DATA EXCERPT START

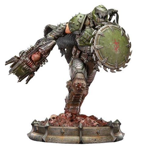 • Featured in this ultra detailed PVC statue is the Doom Slayer wielding his mighty Pulverizer and Shield Saw as he barrels through a carnage filled wasteland to vanquish demons and foes that get in his way.
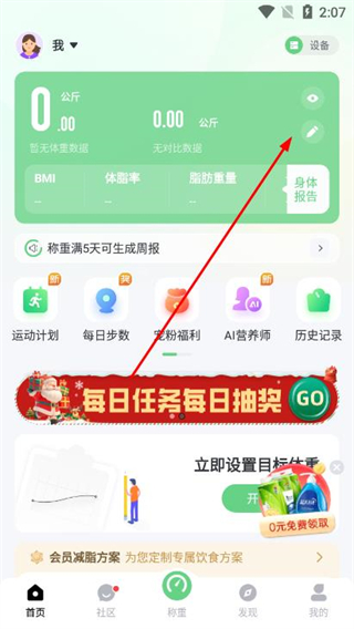 1、打开Sunri体脂秤对应的APP,点击体重数据区域的编辑图标,进入记录体重页面。
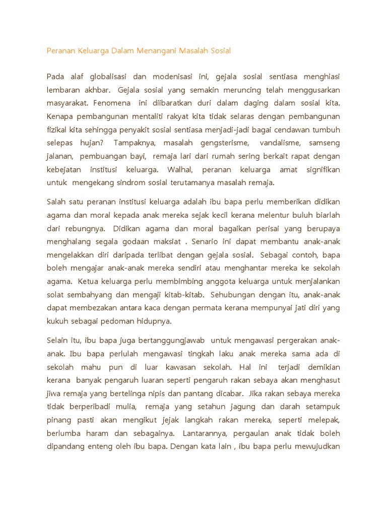 Mereka seharusnya mengambil alih tugas ibu bapa ketika ibu bapa sibuk menguruskan pekerjaan. Peranan Keluarga Menangani Masalah Sosial Dalam Kalangan Remaja Dasawarsa ini sering meniti dari bibir ke bibir masyarakat Malaysia isu kebejatan moral dan keruntuhan akhlak para remaja harapan bangsa yang semakin meruncing. Remaja yang setahun jagung dan darah setampuk pinang pasti akan mengikut jejak langkah rakan mereka seperti melepak berlumba haram dan sebagainya.

DATA EXCERPT END

Reproduce, word for word, everything in the listing above except the pictures.

 • Featured in this ultra detailed PVC statue is the Doom Slayer wielding his mighty Pulverizer and Shield Saw as he barrels through a carnage filled wasteland to vanquish demons and foes that get in his way.
 1、打开Sunri体脂秤对应的APP,点击体重数据区域的编辑图标,进入记录体重页面。
 Mereka seharusnya mengambil alih tugas ibu bapa ketika ibu bapa sibuk menguruskan pekerjaan. Peranan Keluarga Menangani Masalah Sosial Dalam Kalangan Remaja Dasawarsa ini sering meniti dari bibir ke bibir masyarakat Malaysia isu kebejatan moral dan keruntuhan akhlak para remaja harapan bangsa yang semakin meruncing. Remaja yang setahun jagung dan darah setampuk pinang pasti akan mengikut jejak langkah rakan mereka seperti melepak berlumba haram dan sebagainya.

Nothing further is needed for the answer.